* **Task to complete**: What follows is a set of records. Repeat every one of them exactly.

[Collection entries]
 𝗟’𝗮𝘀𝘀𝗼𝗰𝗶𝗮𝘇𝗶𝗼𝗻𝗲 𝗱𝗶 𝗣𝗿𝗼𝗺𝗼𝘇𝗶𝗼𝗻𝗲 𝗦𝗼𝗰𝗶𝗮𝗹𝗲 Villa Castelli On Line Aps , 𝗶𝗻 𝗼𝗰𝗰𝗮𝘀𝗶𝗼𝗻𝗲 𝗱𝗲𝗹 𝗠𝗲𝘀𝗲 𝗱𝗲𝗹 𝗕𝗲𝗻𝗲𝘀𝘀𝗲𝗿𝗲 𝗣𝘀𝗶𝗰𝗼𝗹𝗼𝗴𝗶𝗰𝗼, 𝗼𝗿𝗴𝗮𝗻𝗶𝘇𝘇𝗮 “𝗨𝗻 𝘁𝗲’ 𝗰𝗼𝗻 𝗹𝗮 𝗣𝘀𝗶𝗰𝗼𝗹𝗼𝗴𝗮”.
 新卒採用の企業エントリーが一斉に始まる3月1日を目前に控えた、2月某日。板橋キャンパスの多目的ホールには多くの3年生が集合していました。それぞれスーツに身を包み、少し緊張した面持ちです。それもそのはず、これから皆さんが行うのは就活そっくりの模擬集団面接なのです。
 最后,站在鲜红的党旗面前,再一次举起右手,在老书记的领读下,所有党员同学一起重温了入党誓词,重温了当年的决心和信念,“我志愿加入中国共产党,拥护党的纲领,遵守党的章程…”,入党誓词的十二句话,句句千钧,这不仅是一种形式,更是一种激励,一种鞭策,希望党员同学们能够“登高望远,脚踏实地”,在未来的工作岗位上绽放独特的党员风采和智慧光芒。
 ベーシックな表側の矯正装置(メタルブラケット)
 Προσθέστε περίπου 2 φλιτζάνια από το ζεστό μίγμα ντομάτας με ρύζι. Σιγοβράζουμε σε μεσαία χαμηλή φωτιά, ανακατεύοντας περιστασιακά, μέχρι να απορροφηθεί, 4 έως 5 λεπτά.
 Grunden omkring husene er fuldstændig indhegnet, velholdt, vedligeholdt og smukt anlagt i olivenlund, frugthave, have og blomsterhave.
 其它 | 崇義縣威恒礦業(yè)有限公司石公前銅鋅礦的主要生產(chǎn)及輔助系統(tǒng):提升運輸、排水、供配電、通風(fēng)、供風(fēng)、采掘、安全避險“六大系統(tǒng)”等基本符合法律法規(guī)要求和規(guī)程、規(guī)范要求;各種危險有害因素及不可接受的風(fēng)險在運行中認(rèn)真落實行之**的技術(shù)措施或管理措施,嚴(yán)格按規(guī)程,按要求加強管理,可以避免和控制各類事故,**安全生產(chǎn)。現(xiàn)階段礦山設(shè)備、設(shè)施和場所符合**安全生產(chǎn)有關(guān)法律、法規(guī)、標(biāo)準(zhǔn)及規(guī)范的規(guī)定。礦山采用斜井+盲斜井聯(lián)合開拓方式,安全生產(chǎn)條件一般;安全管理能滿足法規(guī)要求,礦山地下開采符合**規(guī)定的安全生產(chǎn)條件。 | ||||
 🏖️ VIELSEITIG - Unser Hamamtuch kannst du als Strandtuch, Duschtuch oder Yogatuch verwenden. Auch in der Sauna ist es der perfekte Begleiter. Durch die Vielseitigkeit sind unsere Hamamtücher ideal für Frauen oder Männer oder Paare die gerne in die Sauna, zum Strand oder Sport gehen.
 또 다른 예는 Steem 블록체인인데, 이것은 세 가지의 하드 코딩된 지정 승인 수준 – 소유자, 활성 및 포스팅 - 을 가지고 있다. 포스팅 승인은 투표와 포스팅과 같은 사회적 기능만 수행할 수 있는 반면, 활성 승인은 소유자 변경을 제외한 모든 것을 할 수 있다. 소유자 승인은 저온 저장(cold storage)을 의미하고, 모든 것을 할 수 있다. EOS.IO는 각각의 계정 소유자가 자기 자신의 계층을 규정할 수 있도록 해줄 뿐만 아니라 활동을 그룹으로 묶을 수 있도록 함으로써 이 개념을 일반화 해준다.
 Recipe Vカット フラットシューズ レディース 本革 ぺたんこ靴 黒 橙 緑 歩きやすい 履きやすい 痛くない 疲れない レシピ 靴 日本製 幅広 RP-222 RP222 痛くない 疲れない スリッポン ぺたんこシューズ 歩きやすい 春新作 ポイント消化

* **Written answer**:
 𝗟’𝗮𝘀𝘀𝗼𝗰𝗶𝗮𝘇𝗶𝗼𝗻𝗲 𝗱𝗶 𝗣𝗿𝗼𝗺𝗼𝘇𝗶𝗼𝗻𝗲 𝗦𝗼𝗰𝗶𝗮𝗹𝗲 Villa Castelli On Line Aps , 𝗶𝗻 𝗼𝗰𝗰𝗮𝘀𝗶𝗼𝗻𝗲 𝗱𝗲𝗹 𝗠𝗲𝘀𝗲 𝗱𝗲𝗹 𝗕𝗲𝗻𝗲𝘀𝘀𝗲𝗿𝗲 𝗣𝘀𝗶𝗰𝗼𝗹𝗼𝗴𝗶𝗰𝗼, 𝗼𝗿𝗴𝗮𝗻𝗶𝘇𝘇𝗮 “𝗨𝗻 𝘁𝗲’ 𝗰𝗼𝗻 𝗹𝗮 𝗣𝘀𝗶𝗰𝗼𝗹𝗼𝗴𝗮”.
 新卒採用の企業エントリーが一斉に始まる3月1日を目前に控えた、2月某日。板橋キャンパスの多目的ホールには多くの3年生が集合していました。それぞれスーツに身を包み、少し緊張した面持ちです。それもそのはず、これから皆さんが行うのは就活そっくりの模擬集団面接なのです。
 最后,站在鲜红的党旗面前,再一次举起右手,在老书记的领读下,所有党员同学一起重温了入党誓词,重温了当年的决心和信念,“我志愿加入中国共产党,拥护党的纲领,遵守党的章程…”,入党誓词的十二句话,句句千钧,这不仅是一种形式,更是一种激励,一种鞭策,希望党员同学们能够“登高望远,脚踏实地”,在未来的工作岗位上绽放独特的党员风采和智慧光芒。
 ベーシックな表側の矯正装置(メタルブラケット)
 Προσθέστε περίπου 2 φλιτζάνια από το ζεστό μίγμα ντομάτας με ρύζι. Σιγοβράζουμε σε μεσαία χαμηλή φωτιά, ανακατεύοντας περιστασιακά, μέχρι να απορροφηθεί, 4 έως 5 λεπτά.
 Grunden omkring husene er fuldstændig indhegnet, velholdt, vedligeholdt og smukt anlagt i olivenlund, frugthave, have og blomsterhave.
 其它 | 崇義縣威恒礦業(yè)有限公司石公前銅鋅礦的主要生產(chǎn)及輔助系統(tǒng):提升運輸、排水、供配電、通風(fēng)、供風(fēng)、采掘、安全避險“六大系統(tǒng)”等基本符合法律法規(guī)要求和規(guī)程、規(guī)范要求;各種危險有害因素及不可接受的風(fēng)險在運行中認(rèn)真落實行之**的技術(shù)措施或管理措施,嚴(yán)格按規(guī)程,按要求加強管理,可以避免和控制各類事故,**安全生產(chǎn)。現(xiàn)階段礦山設(shè)備、設(shè)施和場所符合**安全生產(chǎn)有關(guān)法律、法規(guī)、標(biāo)準(zhǔn)及規(guī)范的規(guī)定。礦山采用斜井+盲斜井聯(lián)合開拓方式,安全生產(chǎn)條件一般;安全管理能滿足法規(guī)要求,礦山地下開采符合**規(guī)定的安全生產(chǎn)條件。 | ||||
 🏖️ VIELSEITIG - Unser Hamamtuch kannst du als Strandtuch, Duschtuch oder Yogatuch verwenden. Auch in der Sauna ist es der perfekte Begleiter. Durch die Vielseitigkeit sind unsere Hamamtücher ideal für Frauen oder Männer oder Paare die gerne in die Sauna, zum Strand oder Sport gehen.
 또 다른 예는 Steem 블록체인인데, 이것은 세 가지의 하드 코딩된 지정 승인 수준 – 소유자, 활성 및 포스팅 - 을 가지고 있다. 포스팅 승인은 투표와 포스팅과 같은 사회적 기능만 수행할 수 있는 반면, 활성 승인은 소유자 변경을 제외한 모든 것을 할 수 있다. 소유자 승인은 저온 저장(cold storage)을 의미하고, 모든 것을 할 수 있다. EOS.IO는 각각의 계정 소유자가 자기 자신의 계층을 규정할 수 있도록 해줄 뿐만 아니라 활동을 그룹으로 묶을 수 있도록 함으로써 이 개념을 일반화 해준다.
 Recipe Vカット フラットシューズ レディース 本革 ぺたんこ靴 黒 橙 緑 歩きやすい 履きやすい 痛くない 疲れない レシピ 靴 日本製 幅広 RP-222 RP222 痛くない 疲れない スリッポン ぺたんこシューズ 歩きやすい 春新作 ポイント消化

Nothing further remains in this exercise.